Le misure anti contagio, per esempio, hanno potuto beneficiare
di un intervento statale, limitato però ai costi direttamente sostenuti
per i prodotti disinfettanti e i dispositivi di protezione individuale
e collettiva. Non hanno però portato alcun aiuto riguardo
agli oneri indiretti, legati ai tempi di pulizia e disinfezione dei posti
di guida o all’allungamento dei tempi nello svolgimento di operazioni
che normalmente si avvalgono di più persone. Tutti fattori
negativi che hanno in qualche modo ridotto la produttività del
lavoro e delle aziende, senza contare le inevitabili assenze per
malattia o per quarantena, in un settore in cui il lavoro a distanza
non è realizzabile. Il passaporto sanitario, al di là delle critiche,
deve essere visto come uno strumento per consentire il ritorno
alla normalità; se le statistiche dell’anno scorso mostravano una
lieve contrazione – dell’ordine dello 0,1% – del fatturato delle
imprese agromeccaniche, le prime proiezioni sull’anno in corso
mostrano già i primi segnali di ripresa, sia in termini di fatturato
che di investimenti.
In tale ambito è stato determinante il credito d’imposta, che ha
incoraggiato gli agromeccanici a investire sull’alta tecnologia,
con un incremento che a fine anno dovrebbe superare i 100
milioni; ma ha dato fiato anche all’industria della meccanizzazione,
che in questi giorni sta mostrando in Eima il meglio di sé.
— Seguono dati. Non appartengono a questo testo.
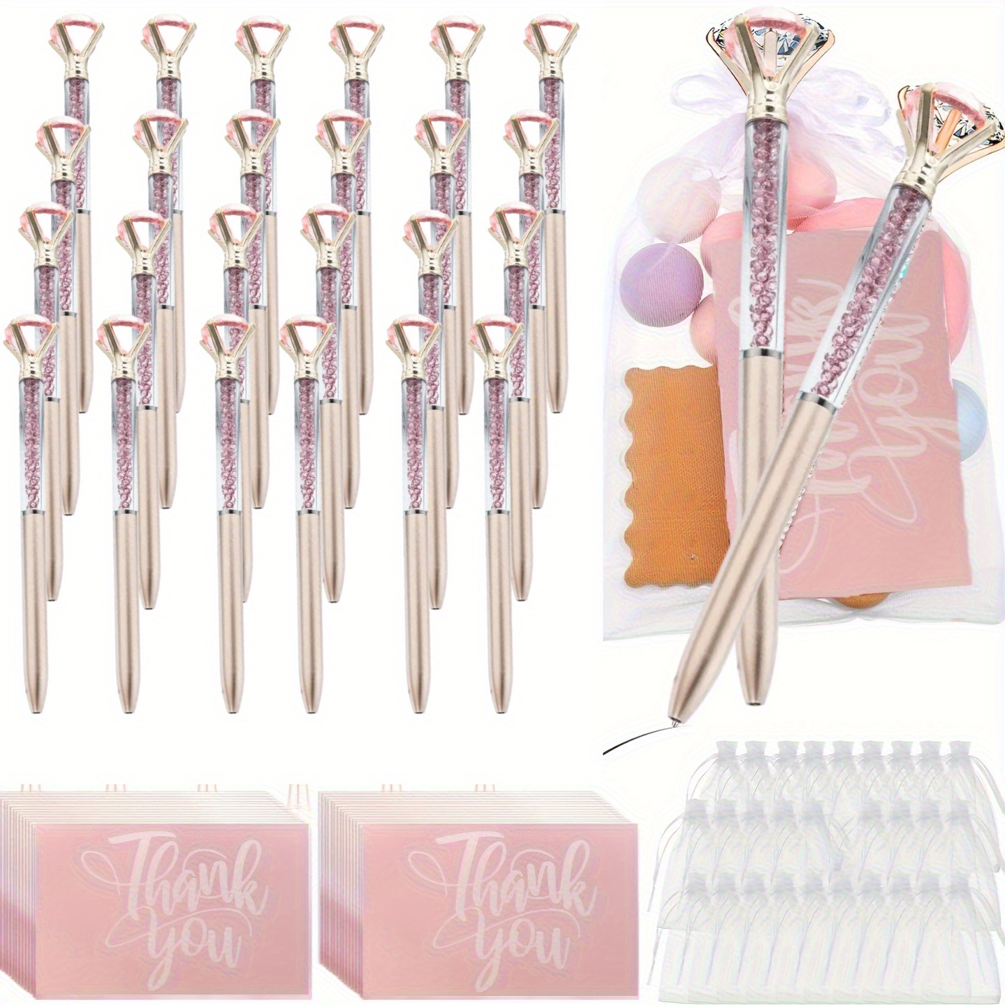TEMU 30개 세트: 10 글리터 펜, 10 화이트 메쉬 백, 10 핑크 카드 – 웨딩 브라이덤 & 신부 펜 선물 키트

Ora che finalmente stiamo cercando di riguadagnare il terreno
perduto, altre nubi si accumulano all’orizzonte, dalle difficoltà di
reperimento dei pezzi di ricambio alle incertezze climatiche e
di mercato.
La pandemia, come ha acutamente osservato qualche commentatore,
ha evidenziato le debolezze del nostro sistema
produttivo, che per troppo tempo ha coltivato il sogno della
globalizzazione e della delocalizzazione, perdendo di vista
l’obiettivo strategico della sicurezza degli approvvigionamenti.
L’agricoltura italiana ha scoperto all’improvviso che l’industria
nazionale non riesce a coprire i fabbisogni, così come si era rivelata
inadeguata rispetto agli elementari, ma necessari, dispositivi
medici; che non produce più le materie prime che stanno alla
base della produzione industriale. Basta una semplice turbativa
del mercato – come i ritardi dovuti alla pandemia – per mettere
in crisi la catena logistica e determinare improvvisi sbalzi di
prezzi dovuti a temporanee carenze di questo o di quel fattore
produttivo; mentre una parte del mondo si espande rapidamente,
altre aree manifestano difficoltà di ripresa, determinando
uno spostamento dei bisogni e delle forniture nel tempo e nello
spazio.
In altri tempi il succedersi di epidemie e carestie poteva incidere
sulla sopravvivenza di interi popoli: in questo senso la comunicazione
e la globalizzazione ci aiutano a superare le difficoltà
senza cadere nei drammi del passato. Restano però gli effetti di
una stagione estiva decisamente secca, che ha depresso le rese
di numerosi prodotti agricoli, con scarse possibilità di correzione:
le colture a ciclo estivo, vitali per il sostegno della nostra zootecnia
e del “made in Italy” hanno sofferto una grave crisi produttiva
che non verrà compensata dal buon andamento dei prezzi. I
cereali vernini hanno in parte sostenuto i redditi agricoli grazie
alle quotazioni elevate, ma nell’insieme non si potrà definire
una buona annata, senza contare i numerosi eventi calamitosi
che ormai dobbiamo considerare come ordinari. Al di là degli
strumenti di gestione del rischio, ancora migliorabili, le aziende
agricole possono contare da qualche anno su una tassazione
agevolata, che tiene conto degli effetti dei cambiamenti climatici.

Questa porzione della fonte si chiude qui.